Training and Tuning:

Every model run on SageMaker training job has its own ephemeral cluster. We will have a dedicated EC2 instances alive for the number of seconds that the model is training on.

  1. If there are multiple ML models, there can be dedicated instances for each of these.
  2. Cluster comes down immediately as the model stops training:
    1. No More Virtual Environments
    2. No more conflicting packages or dependencies
  3. Estimator:
    1. Execution role,
    2. Algorithm,
    3. SageMaker Estimator (these components are constant)
  4. Splitting Data for ML:
    1. Take a dataset to make decisions
    2. All of the columns are there and split the one column
    3. After Feature Engineering: Split into train, validation, test sets
      1. Training: 60-85% of the data
      2. Validation & Test: rest
    4. Perform a technique on validation data and check how model did on the test data.
    5. Send these to channels in SM

First, fit the model into the training data, look at the performance of the model on validation (perform hyper parameter tuning on validation data), and then how well the model did on the test data.

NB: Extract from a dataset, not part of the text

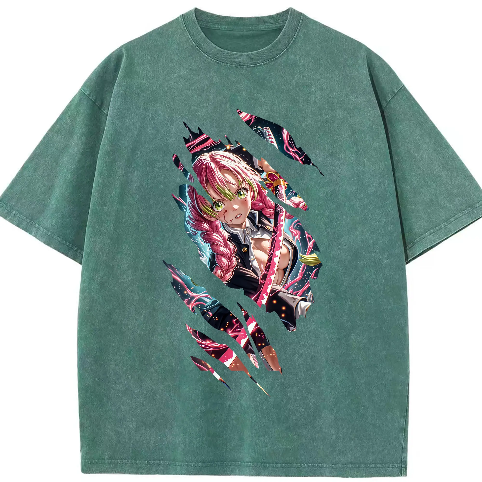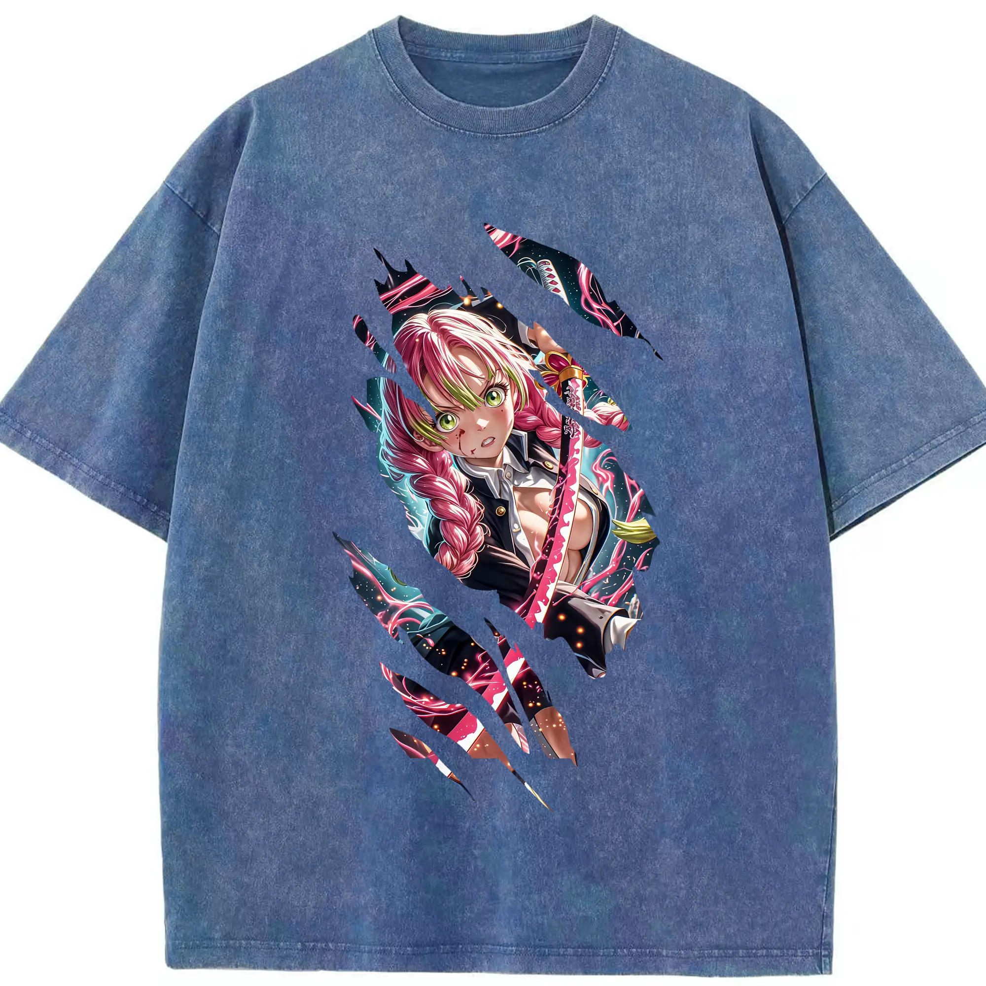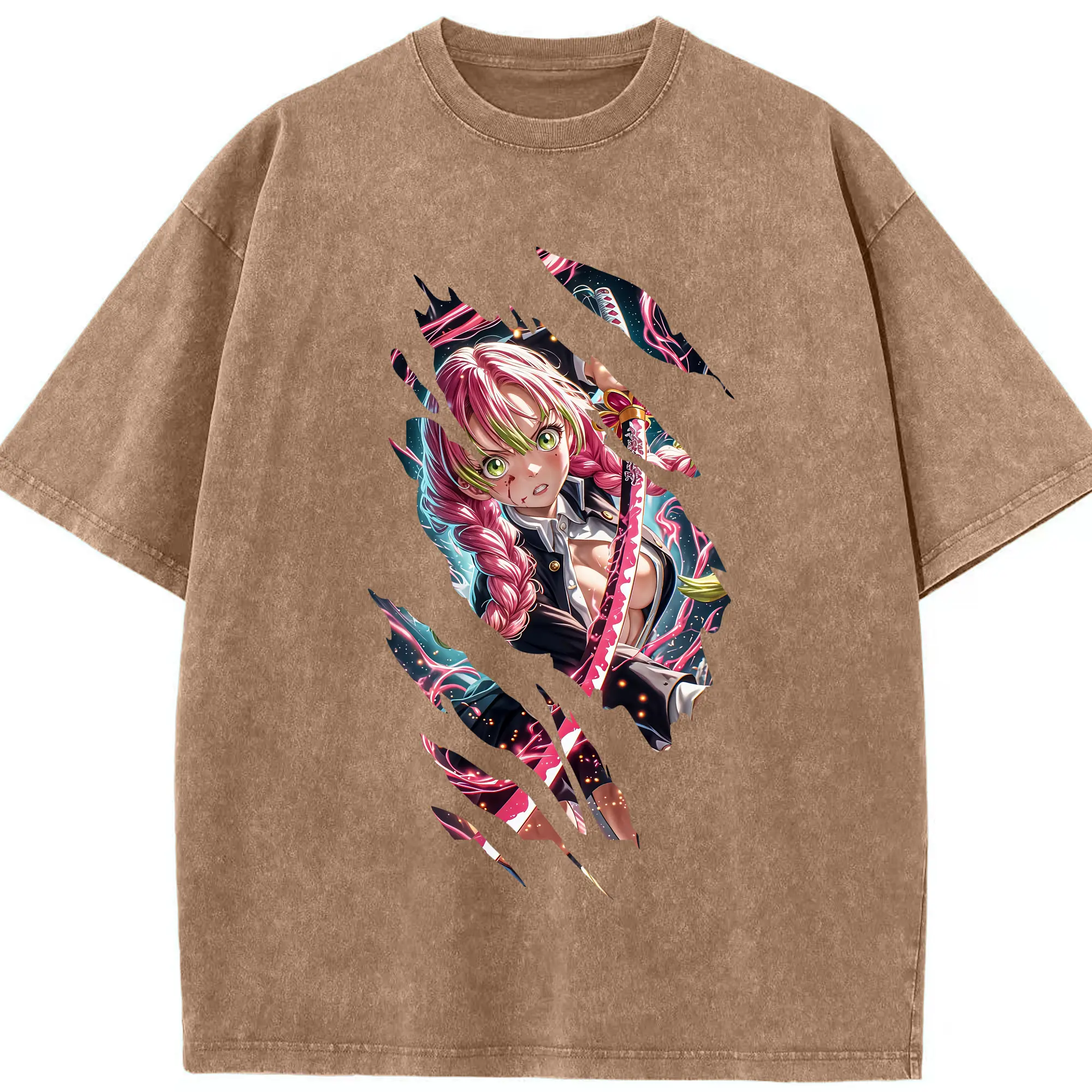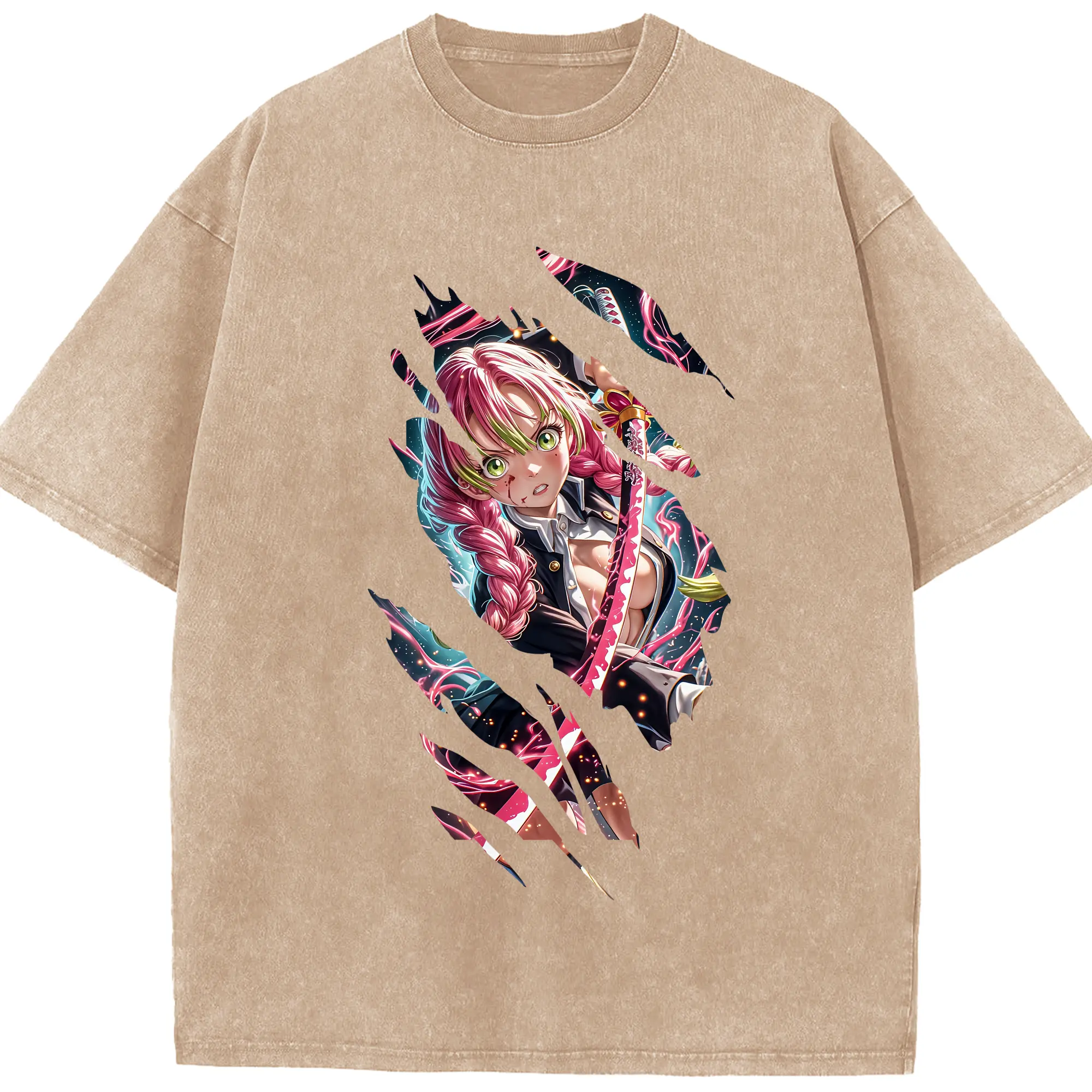 鬼滅の刃 グッズ,甘露寺 蜜璃 - 綿100% 半袖Tシャツ ・ フロントプリント ・ 快適 通気性 ・ 日常使い 散歩 スポーツ用

  1. Send the data splits into S3 channels
  2. Call Model.fit - a new cluster comes online, and send logs out to cloud watch
  3. Monitor the performance.

Now to evaluate the model, we do the following:

  1. Confusion Matrix
  2. Recall: How many positive cases are we catching? (Number of true positives)
  3. Precision: Starts with true positives but it is the true positive rate (Great precision if model precision positive once someone tested for diabetes)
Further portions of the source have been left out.